"What was that he was talking about, the madness of Hamlet, and the theory of the great German critic on the subject?" Emily asked of her father.

"'Deed then I don't know, Milly dear," answered the captain. "We'll ask Bows when he comes."

"Anyhow, he's a nice, fair-spoken, pretty young man," the lady said: "how many tickets did he take of you?"

"'Fait, then, he took six, and gev me two guineas, Milly," the captain said, "I suppose them young chaps is not too flush of coin."

"He's full of book-learning," Miss Fotheringay continued. "Kotzebue!
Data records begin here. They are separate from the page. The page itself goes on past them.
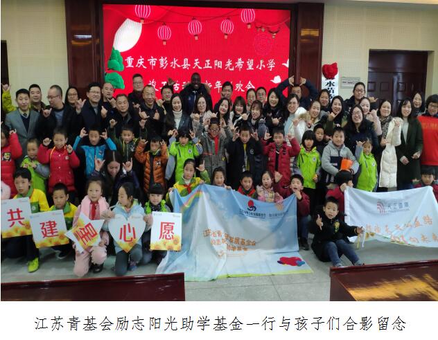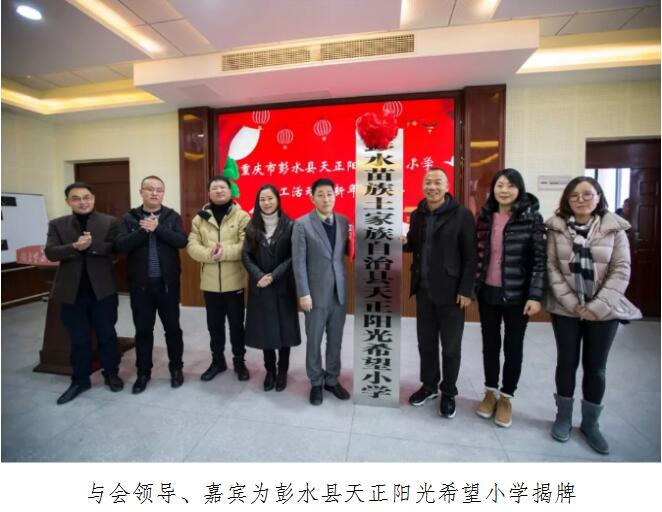 2019年1月3日,由重庆青基会、江苏青基会励志阳光助学基金捐资30万元援建的彭水县天正阳光希望小学揭牌仪式在彭水第四小学圆满举行。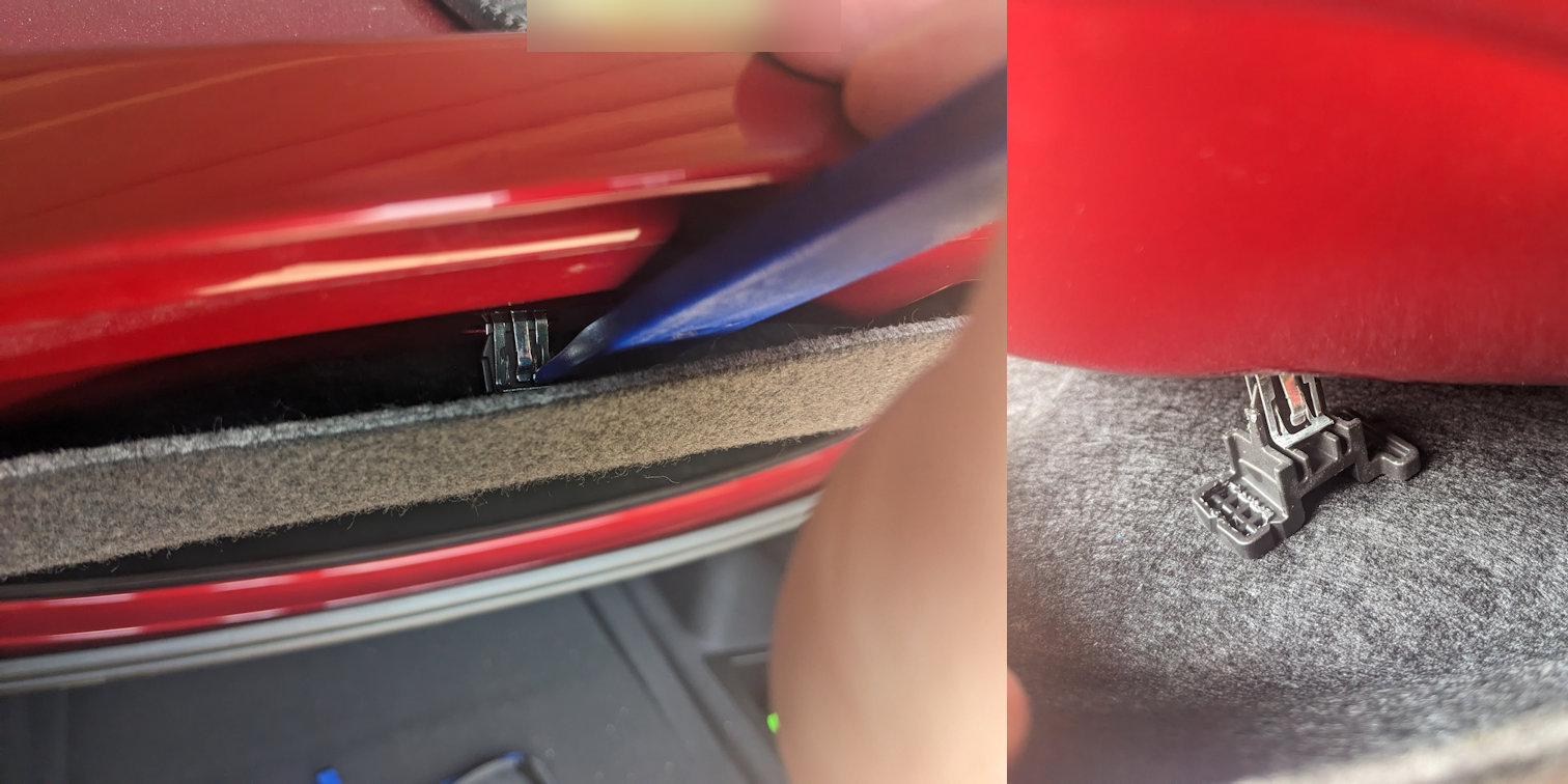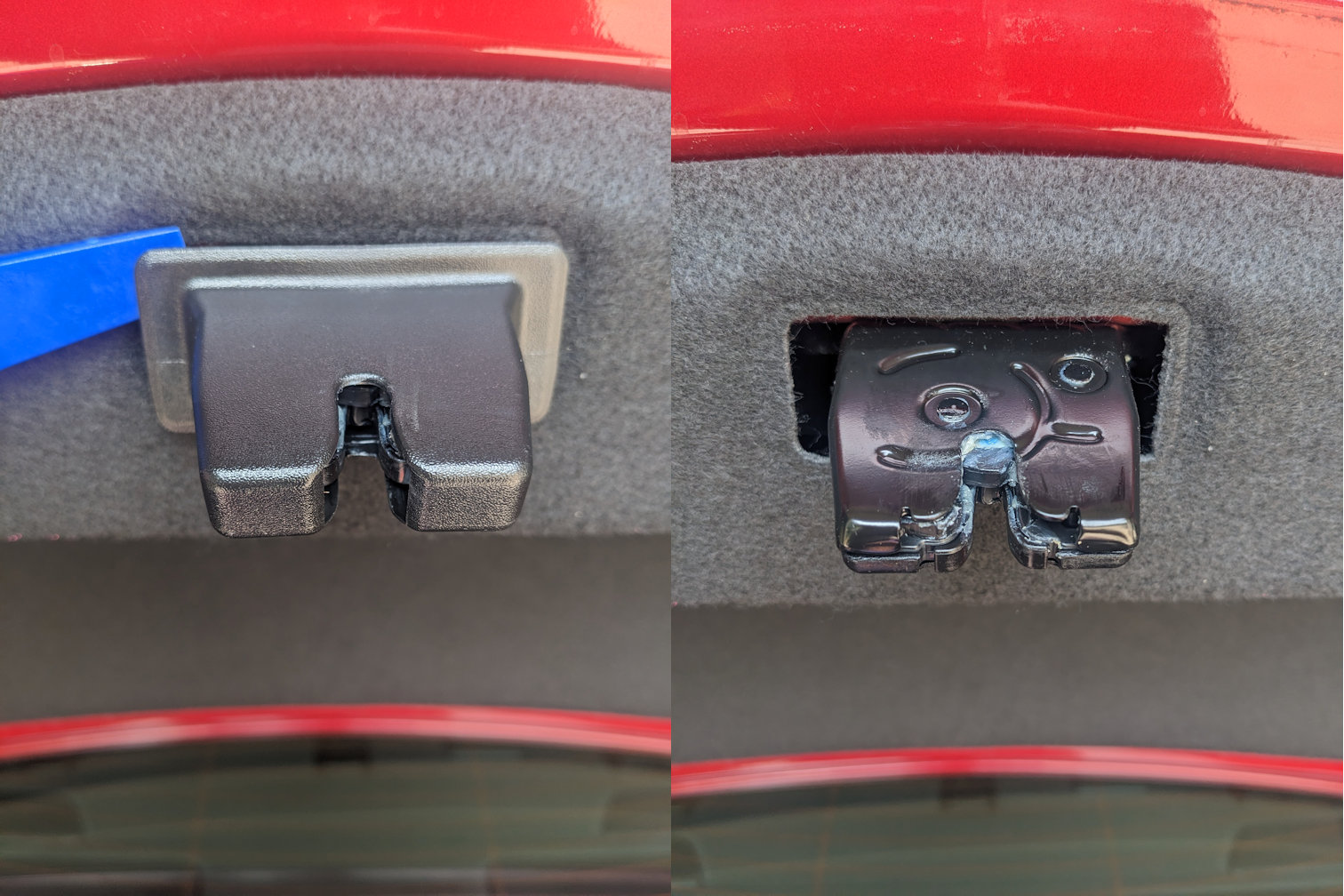 I won’t lie this process can be a bit annoying. There and 9 clips holding the liner on. Its easiest to start with are the two at the front and then work your way back. The clips seem to require pressing the metal pieces from both sides to best unclip them from the trunk, however this isn’t always possible or easily done. Sometimes the clips will unclip while just pulling on the liner a bit, some seem to come off a bit easier if you can at least press one side of the metal piece while pulling. This is one of those things that’s hard to explain, but once you start messing with it you will understand. You will need to pull or pry back liner to get access to the clips. WARNING: These clips are just melted on to the liner and it’s possible for them to break off. I accidentally broke one of mine. However, I used Loctite General Epoxy to re-attach the one clip I broke off and it seemed to work just fine.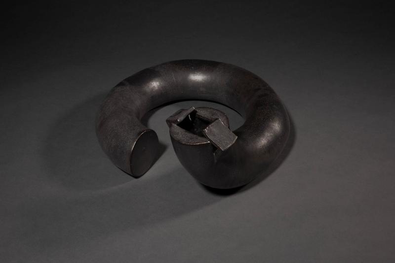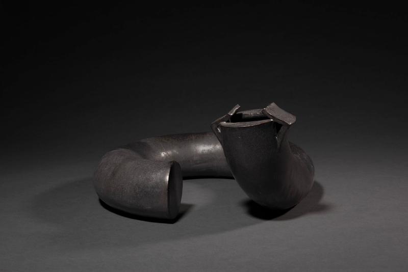 A ceramic vessel in black with an iridescent silver sheen in the form of a curving tube by Matsuda Tomiya (1936-2011).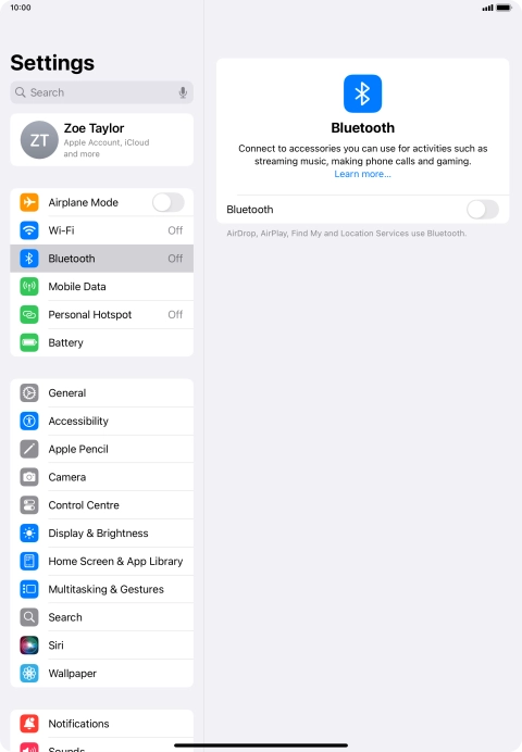 If you turn on Bluetooth, your tablet is visible to all Bluetooth devices.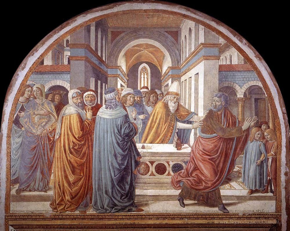 Scoprite l'incanto artistico del Tabernacolo della Visitazione: Expulsione di Gioacchino dal Tempio realizzato dal maestro rinascimentale Benozzo Gozzoli. Questo straordinario dipinto a olio cattura l’essenza dell’arte italiana, combinando abilmente emozione e tecnica in un’opera che racconta una storia profonda e delicata. Gozzoli, noto per la sua abilità nel creare atmosfere vivide e dettagliate, utilizza una palette ricca e luminosa che invita lo spettatore a immergersi nel dramma e nella bellezza della scena rappresentata.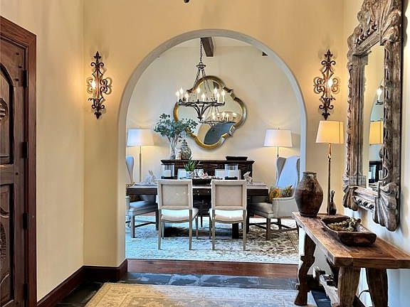 This custom Mediterranean home is situated on the 18th green of the East Oak Tree Golf Course. It sits on a 3/4 acre lot with lush fescue lawn and gorgeous mature trees and landscaping. Every detail of this home is special and there is not another home like it! There are too many features to list here (see supplement for full details), but the house is brimming with custom, imported tiles, carved mantles (6 fireplaces in all), gorgeous light fixtures, high-end appliances, multiple sets of custom-made French Doors, imported Saltillo tile, hand-scraped hard-wood flooring and much more. The floorplan takes full advantage of the stunning views, designed around a large, 1100 sq. ft. courtyard with a central tiered fountain from Santa Fe. The patio also features an outdoor fireplace with covered seating area and a swimming pool with wading-shelf. The home offers 3 beautiful bedrooms, all with en-suite baths and walk-in closets. The 3-car garage is finished out with epoxy flooring and extensive built in cabinetry.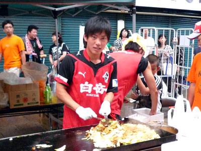 軍手と頭に巻いたタオルがあまりに板に付きすぎてお店に同化しまくっていたタクミくんと、焼きそばのヘラあしらいにプロ並みの手さばきを見せる国宝くん。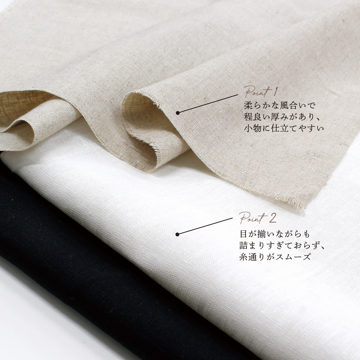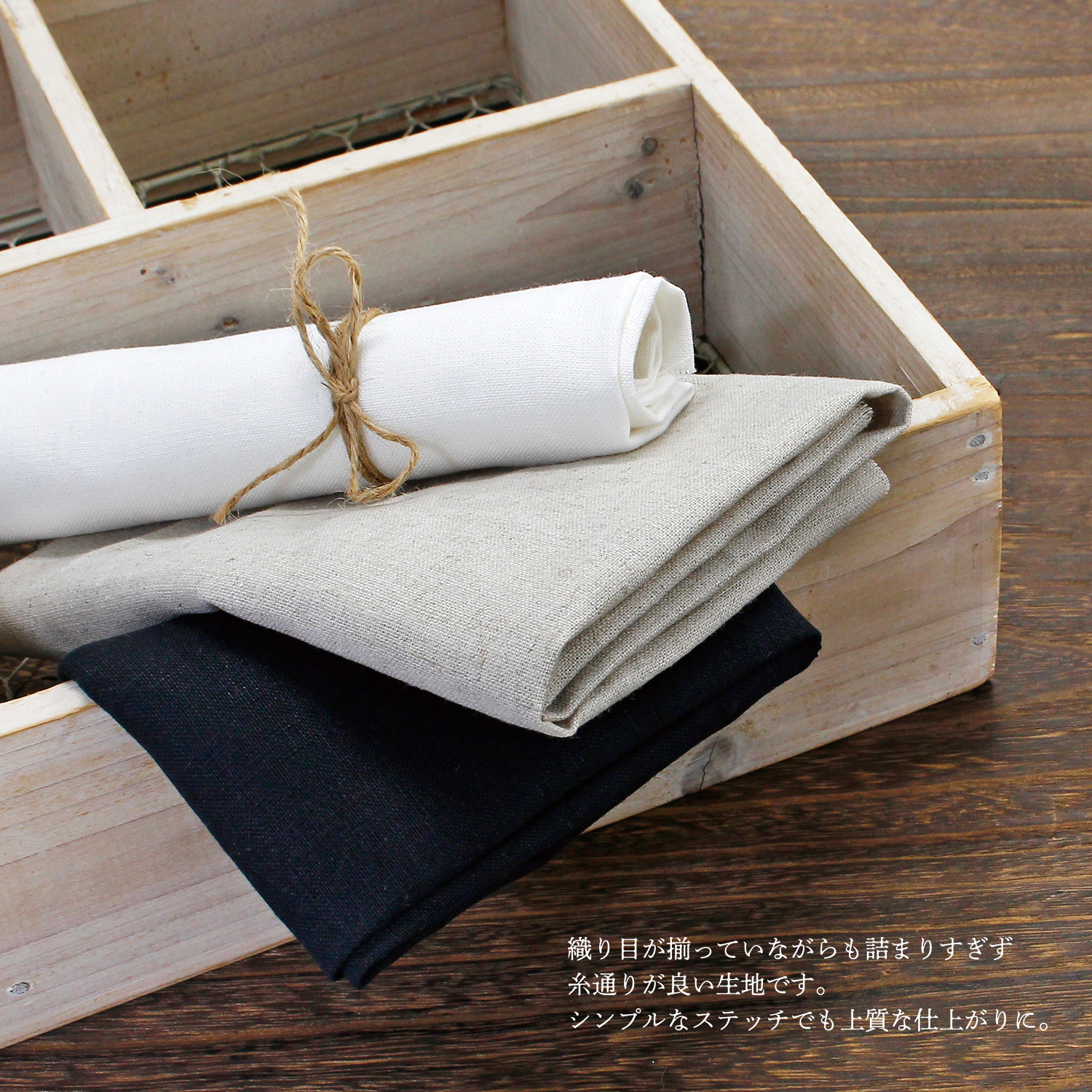 織りがきれいで刺しやすく、ナチュラルリネンならではの色味と高級感が魅力です。
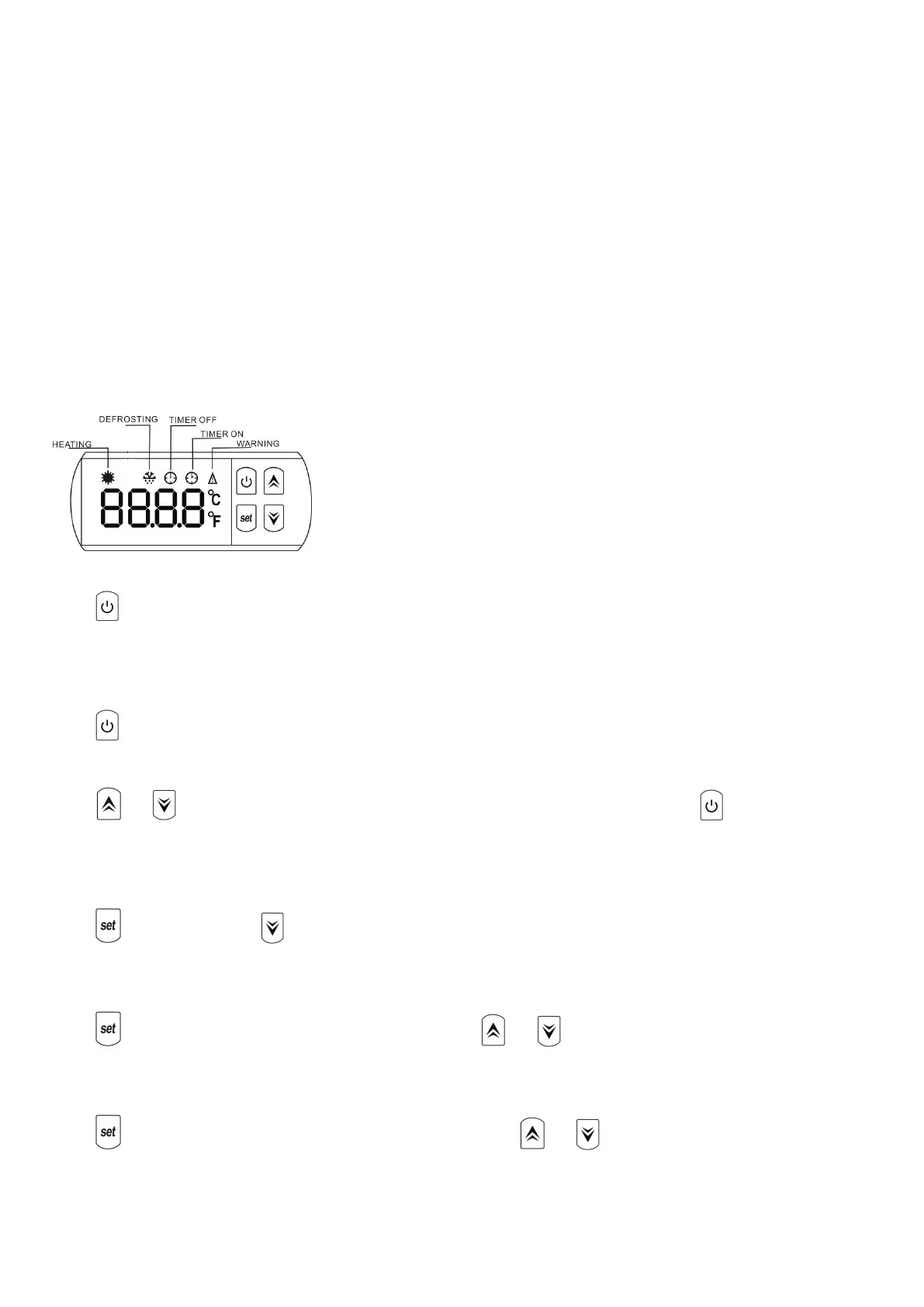 Press once again to stop the heat pump, the LED display shows ‘OFF’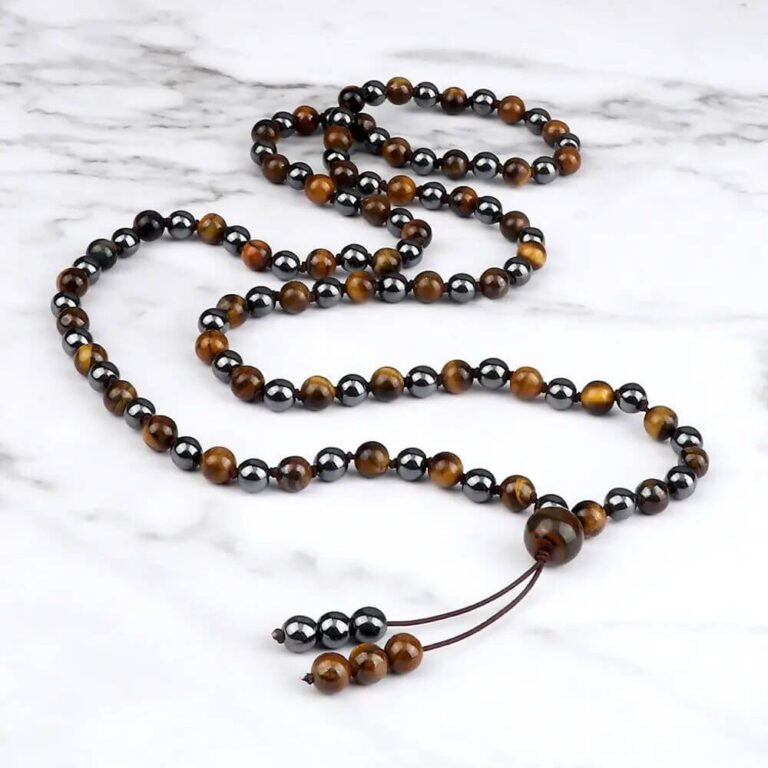 Japamala 108 Contas Hematita e Olho de Tigre - Energia de Proteção e Foco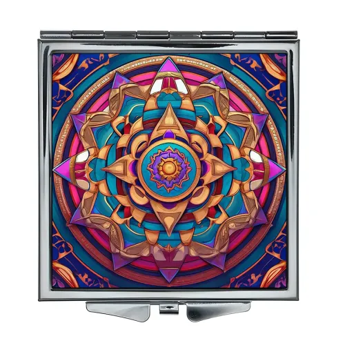 Складное квадратное зеркало с изображением «Сакральная абстракция» для использования в качестве сувенира или компактного аксессуара.

He, he, what a droll name indeed, now; and the poor fellow killed by Sand, too! Did ye ever hear such a thing? I'll ask Bows about it, papa, dear."

"A queer death, sure enough," ejaculated the captain, and changed the painful theme. "'Tis an elegant mare the young gentleman rides," Costigan went on to say; "and a grand breakfast, intirely, that young Mister Foker gave us."

"He's good for two private boxes, and at least twenty tickets, I should say," cried the daughter, a prudent lass, who always kept her fine eyes on the main chance.

"I'll go bail of that," answered the papa; and so their conversation continued awhile, until the tumbler of punch was finished; and their hour of departure soon came, too; for at half past six Miss Fotheringay was to appear at the theater again, whither her father always accompanied her; and stood, as we have seen, in the side-scene watching her, and drank spirits-and-water in the green-room with the company there.